### Recursive structures

A sentence is made of phrases, which in turn are made of words, just as matter is made molecules, which are in turn made of atoms. Just as atoms are of different types (elements), words are of different types (parts of speech).

But there is a crucial difference. A typical sentence consists of a *verb phrase* and a *noun phrase*. These may be single words - verbs or nouns, but can also be built from words and phrases, including verb phrases and noun phrases. Thus phrases are **recursive** - they can be built from other phrases of the same type. This gives language a richness that is absent in **hierarchical** structures such as matter, where each level is built from simpler structures.

It is this richness of language that makes it a natural model for logic, and much of formal logic was traditionally modeled on language. We see this briefly in the case of first order logic, before turning to an overview of how and why to go beyond this.

### First order logic

First-order logic is based on a language with words being *variables*, *constants*, *functions*, *relations* (predicates), *quantifiers*, *logical operations*. There are two types of phrases - **terms** and **formulas**, which are built out of these words. Terms can be single words - constants or variables, or can be built by applying a function to the appropriate number of terms; formulas can be built from terms. This is very similar to a formal grammar for a language.

Traditional foundations of mathematics are based on *first order logic* giving the grammar - i.e., rules for constructing terms, formulas, proofs etc., with the vocabulary of *set theory*. This has proved sufficient to work consistently. Yet there are serious limitations.
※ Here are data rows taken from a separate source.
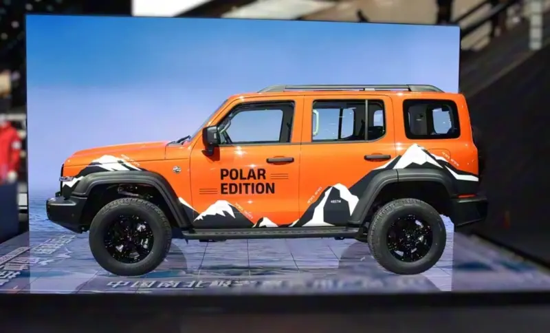 GWM Tank 300 Polar Edition tampil mencolok dengan warna eksterior khas Polar Orange. Terdapat pula penambahan decal eksklusif dan logo edisi spesial yang membedakannya dari model standar. SUV ini dibekali fitur-fitur yang dirancang untuk menghadapi cuaca ekstrem, salju tebal, dan medan off-road yang menantang.
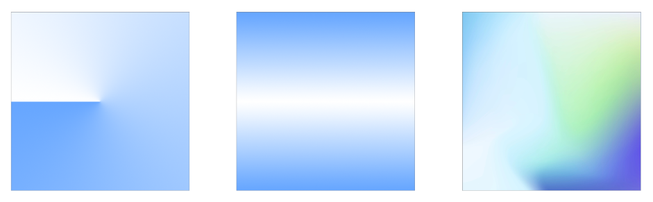 - 자유형(Freeform) 혹은 메시형(Mesh), 다중(Multiple) : 사용자가 지정한 방식에 따라 색상이 자유롭게 분포되는 형태로 여러 색이 겹친, 추상적인 형태의 그라데이션 입니다. 복잡한 색상 전환과 다양한 시각적 효과를 만들어낼 수 있습니다.
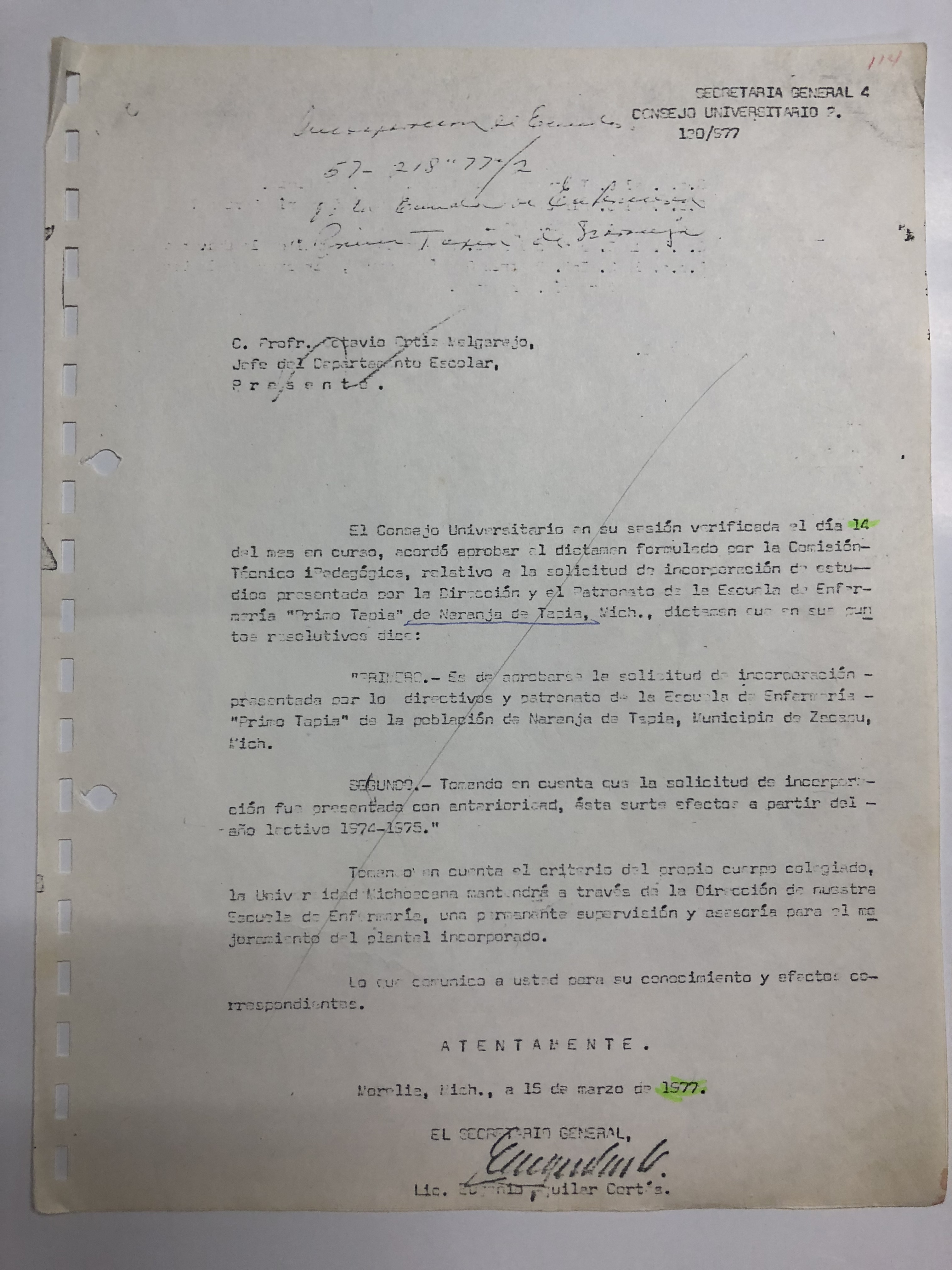 Email:dir.control.escolar.sria.admin@umich.mx Teléfono: (+52)(443) 322 3500 Extensión: 3018, Atención: 9:00 am - 3:00 pm Lunes-Viernes.
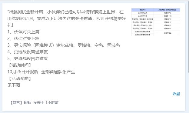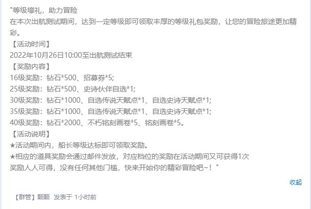 给不在Q群的同步下Q群活动(邮件直接发的不在Q群也能有)关卡首通给招募卷(具体关卡看截图)做任务阅历到60可以参加第二天的航海宝藏抽奖,(抽招募卷)升级奖励(钻石+招募卷,史诗伙伴,传说/史诗天赋点,不朽铭刻/铭刻画卷)
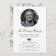 Serviço Elegante de memorial floral azul/celebração de convite para a vida/funeral com um quadro fotográfico prateado adornado com rosas azuis e verde. Fundo de mármore prateado no fundo. Personalize facilmente este cartão com uma fotografia do seu ente querido e o memorial/celebração dos detalhes da vida/funeral.
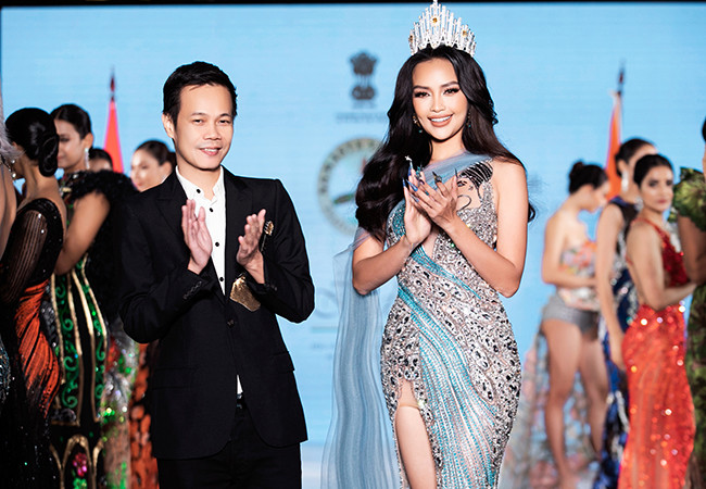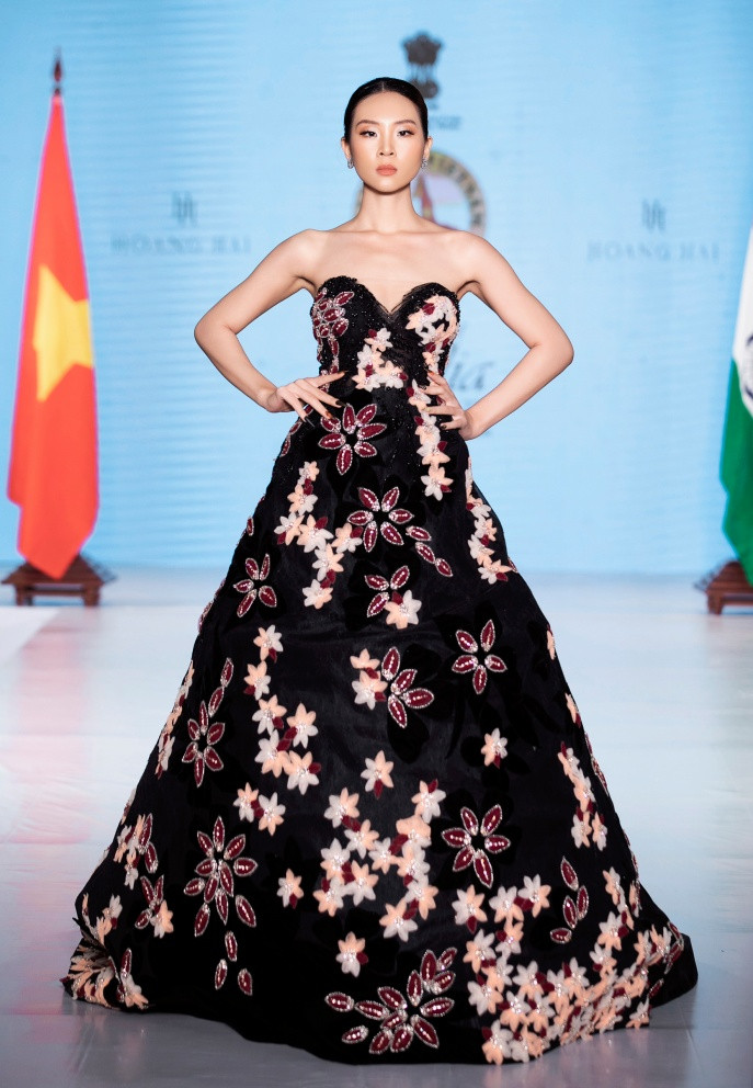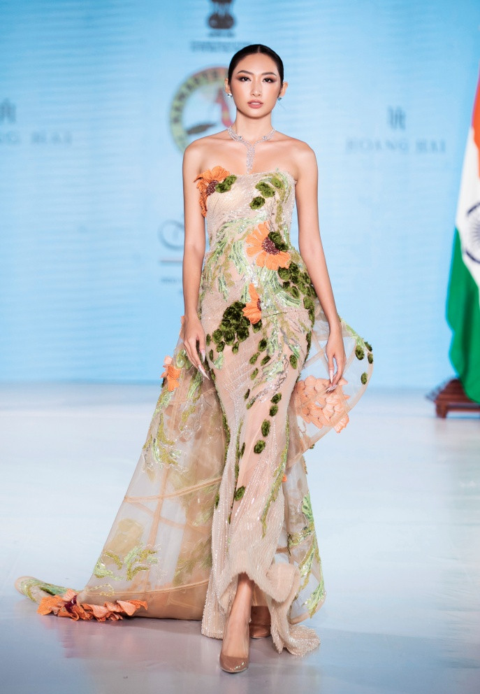 Hoa hậu Hoàn vũ Việt Nam 2022 đảm nhận vai trò vedette cho bộ sưu tập của NTK Hoàng Hải. Cô diện chiếc váy cắt xẻ cao với chi tiết đính đá, voan lụa mềm mại tạo điểm nhấn.
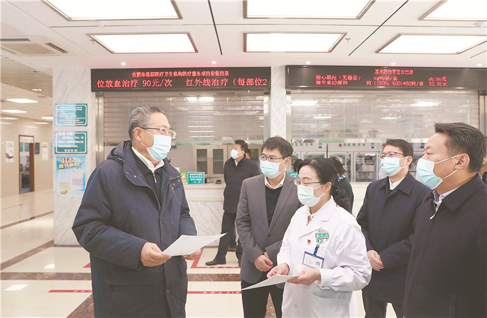2月9日上午,省委书记李锦斌深入合肥市包河区淝河镇社区卫生服务中心,看望慰问奋战在疫情防控工作第一线的社区医务工作者。

We can build functions by applying functions to terms, but not to other functions (functions are not terms). This means that we cannot naturally express functions of functions, such as the norm of a linear transformation. A naive approach will be to simply treat functions as terms, and allow expressions like $f(f)$, but this leads to paradoxes.

In set theory the approach taken is to use indirect descriptions - functions as relations, which are sets of pairs. This is fine in terms of issues like paradoxes and consistency, but results in formalizations of actual mathematics being absurdly verbose and bearing hardly any resemblance to real mathematics.

### Type theory

While terms in first-order logic, like phrases in a language, can be built recursively, the *types* of words, like the part of speech, are a fixed finite set - variables, constants, functions, quantifiers etc. In particular there is no type representing functions from a given type to another given type. In *type theory*, we allow not only terms but their types to be recursively generated, with rules telling us how to construct both terms and types, and how to determine the type of a term.

There are many flavours of type theory. It was discovered by Curry and Howard that *dependent type theory* contains not only set theory but the usual rules of reasoning, making for very efficient and elegant foundations. We shall study a flavour of dependent type theory due to Per Martin-Löf, which turns out to have remarkable connections to topology.